[SOURCE DATA — start]

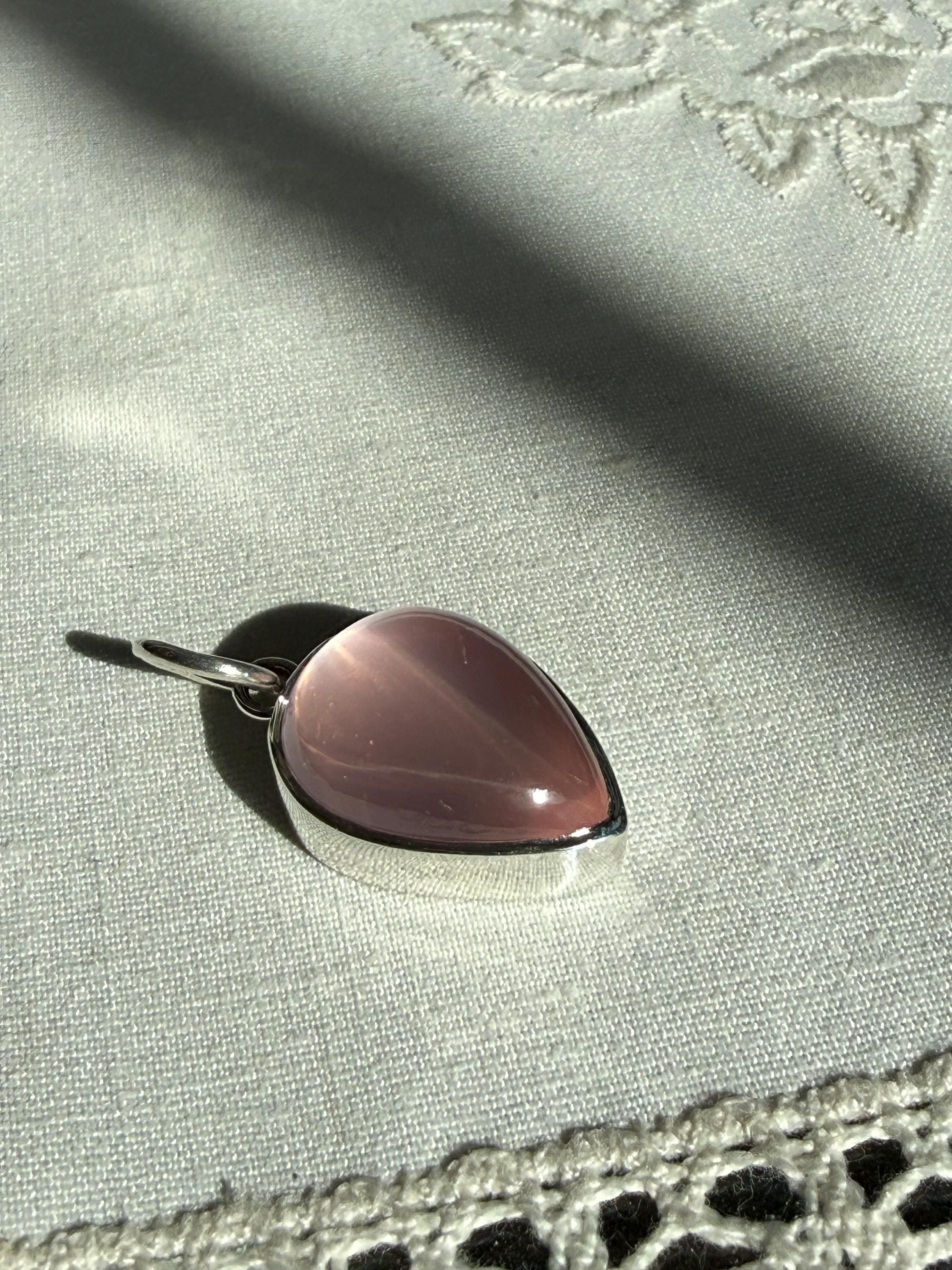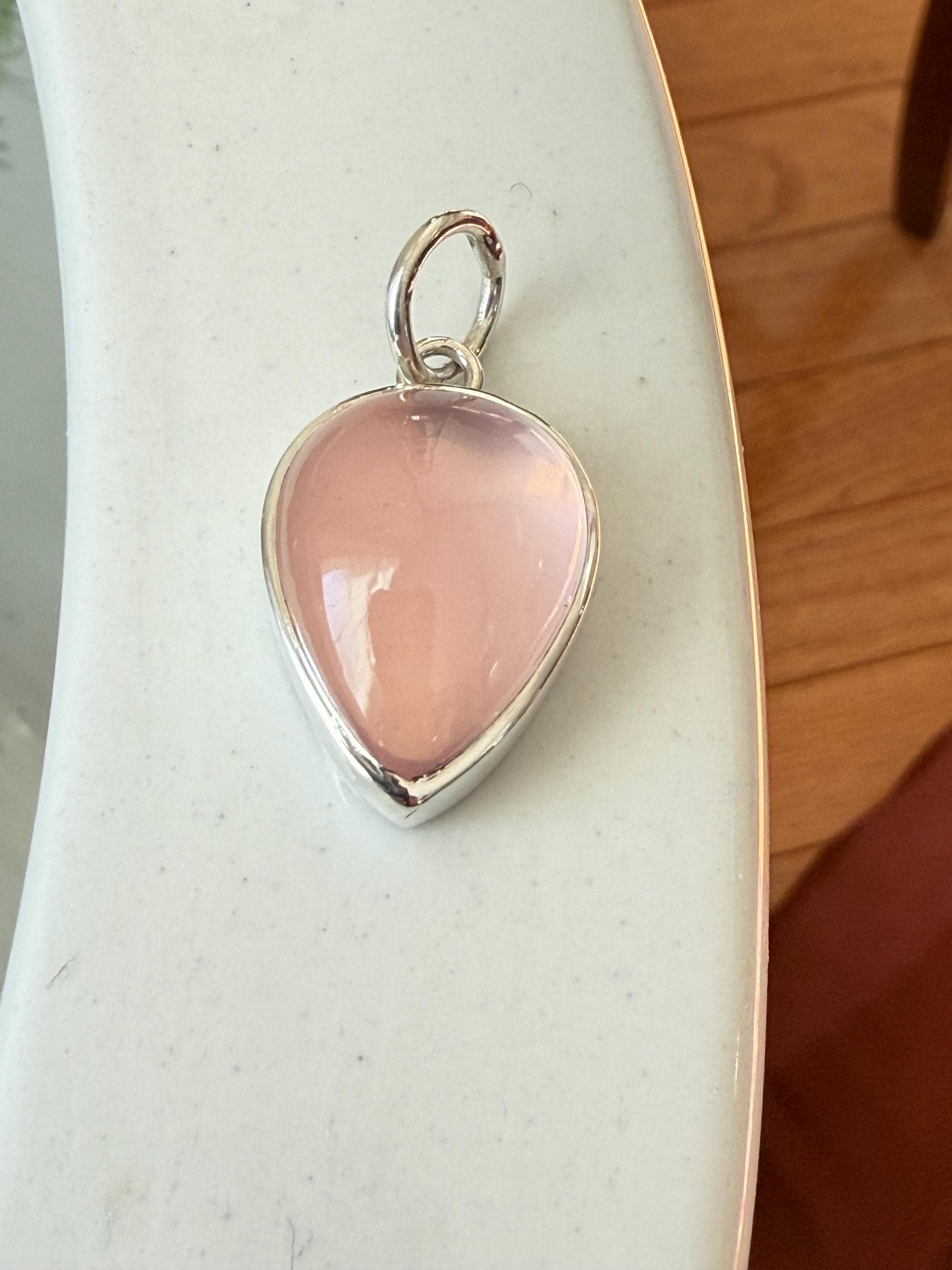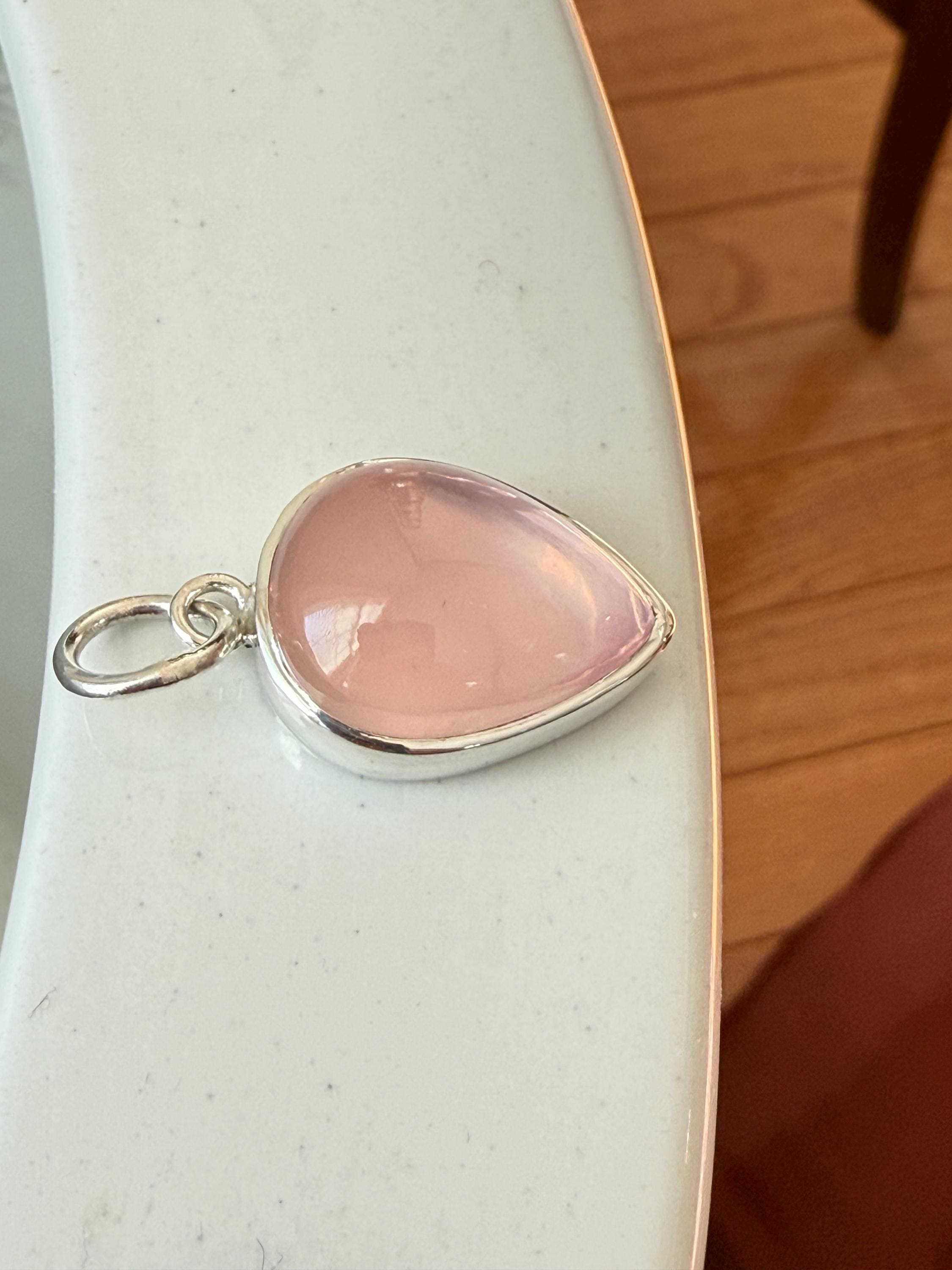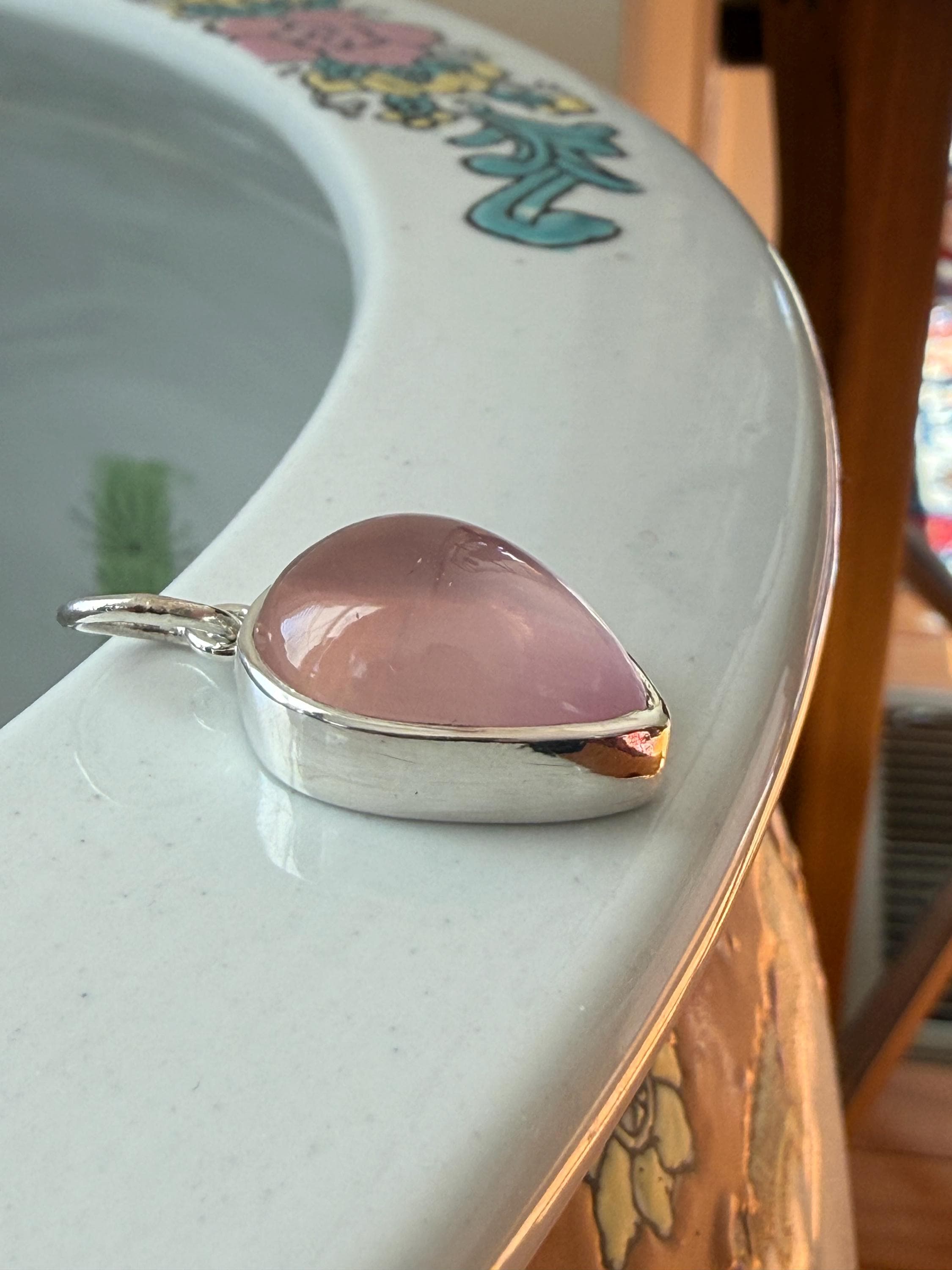 Ethereal beauty with a soft petal pink color combine to make this inverted tear drop rose quartz pendant seem to glow from within! Set point down, in a hand fabricated bezel mounting of fine silver, with a pendant bail of sterling silver, it measures about 31mm from top of the bail to the bottom of the pendant, and about 16.2mm across. The stone is cubby, at 17 cts and has a soft teardrop shape with a very high domed profile. The natural inclusions of the stone give it a glowing quality, when in direct sunlight create a 6 star ray (see the video!) This piece of rose quartz makes a beautiful statement pendant. This listing is for the pendant only and does not include a chain; if you would like to add it to a Funky Link, I have several listed that would work, or I can custom make one in a length of your choice (again, the chain is a separate purchase). The last 4 photos show this pendant with other pieces sold separately.
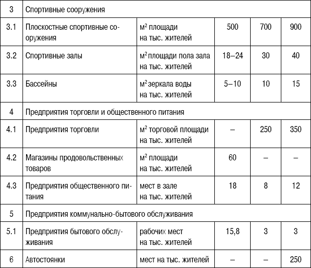 В системе градостроительных нормативов ведущее место принадлежит нормам жилищной обеспеченности, поскольку в соответствии с ними определяется плотность населения в новых микрорайонах и производится расчет инженерного оборудования и вместимости учреждений социально-бытового назначения. Согласно данным, приведенным в табл. 1.1, в Санкт-Петербурге рекомендуется принимать среднюю жилищную обеспеченность населения 28 м2 общей площади на жителя (в сравнении с 1985 г. она увеличивается в 2 раза); повышаются нормативы потребности в спортивных сооружениях, несопоставимы показатели обеспеченности в предприятиях торговли, общественного питания.
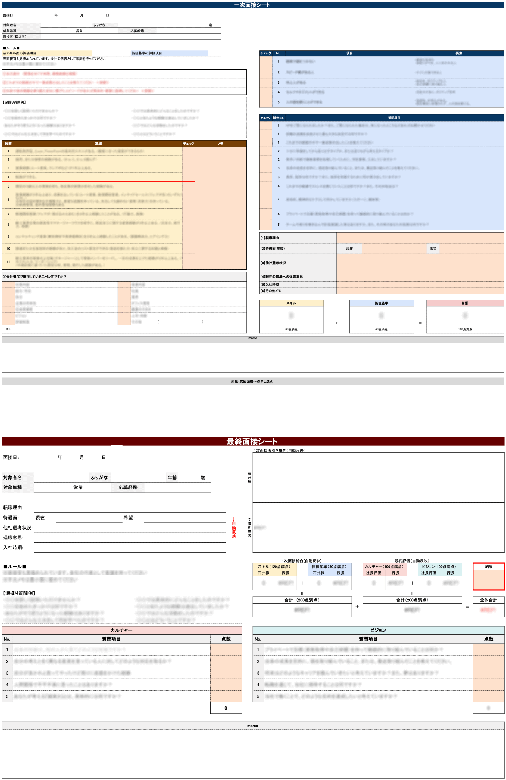 また、STEP②で明確化した評価基準に基づき、質問項目・評価項目を整理した面接シートの設計も支援いたします。
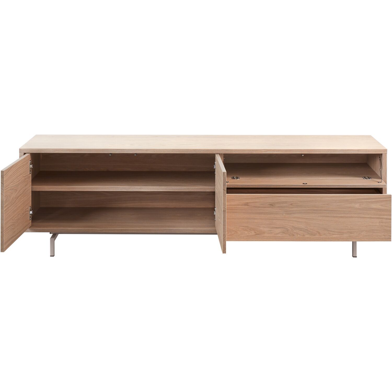 Met een hoogte van 53 cm, breedte van 180 cm en diepte van 45 cm is dit TV-meubel een praktische en stijlvolle toevoeging aan je interieur. Het heeft twee deuren, één lade en een klep, met een legplank achter de deuren. De klep is ideaal om je apparatuur uit het zicht te laten en toch gemakkelijk te bedienen. Dankzij het push to open systeem open je de lades en deuren eenvoudig met een lichte druk. De deuren zijn daarnaast voorzien van softclose, waardoor ze rustig openen en sluiten. Een klein duwtje bij het sluiten zorgt dat ze netjes dicht gaan. Het meubel wordt grotendeels gemonteerd geleverd; je hoeft alleen de poten nog te bevestigen.
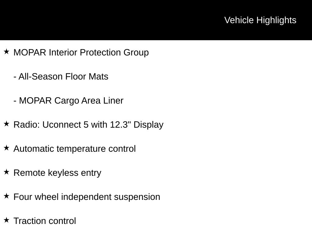 - Wireless phone connectivity: Uconnect w/Bluetooth

[SOURCE DATA — finish]

Please keep every line of the data the same when you reproduce it, and keep every picture out.

■ RESPONSE FOR THIS EXERCISE ■
 Ethereal beauty with a soft petal pink color combine to make this inverted tear drop rose quartz pendant seem to glow from within! Set point down, in a hand fabricated bezel mounting of fine silver, with a pendant bail of sterling silver, it measures about 31mm from top of the bail to the bottom of the pendant, and about 16.2mm across. The stone is cubby, at 17 cts and has a soft teardrop shape with a very high domed profile. The natural inclusions of the stone give it a glowing quality, when in direct sunlight create a 6 star ray (see the video!) This piece of rose quartz makes a beautiful statement pendant. This listing is for the pendant only and does not include a chain; if you would like to add it to a Funky Link, I have several listed that would work, or I can custom make one in a length of your choice (again, the chain is a separate purchase). The last 4 photos show this pendant with other pieces sold separately.
 В системе градостроительных нормативов ведущее место принадлежит нормам жилищной обеспеченности, поскольку в соответствии с ними определяется плотность населения в новых микрорайонах и производится расчет инженерного оборудования и вместимости учреждений социально-бытового назначения. Согласно данным, приведенным в табл. 1.1, в Санкт-Петербурге рекомендуется принимать среднюю жилищную обеспеченность населения 28 м2 общей площади на жителя (в сравнении с 1985 г. она увеличивается в 2 раза); повышаются нормативы потребности в спортивных сооружениях, несопоставимы показатели обеспеченности в предприятиях торговли, общественного питания.
 また、STEP②で明確化した評価基準に基づき、質問項目・評価項目を整理した面接シートの設計も支援いたします。
 Met een hoogte van 53 cm, breedte van 180 cm en diepte van 45 cm is dit TV-meubel een praktische en stijlvolle toevoeging aan je interieur. Het heeft twee deuren, één lade en een klep, met een legplank achter de deuren. De klep is ideaal om je apparatuur uit het zicht te laten en toch gemakkelijk te bedienen. Dankzij het push to open systeem open je de lades en deuren eenvoudig met een lichte druk. De deuren zijn daarnaast voorzien van softclose, waardoor ze rustig openen en sluiten. Een klein duwtje bij het sluiten zorgt dat ze netjes dicht gaan. Het meubel wordt grotendeels gemonteerd geleverd; je hoeft alleen de poten nog te bevestigen.
 - Wireless phone connectivity: Uconnect w/Bluetooth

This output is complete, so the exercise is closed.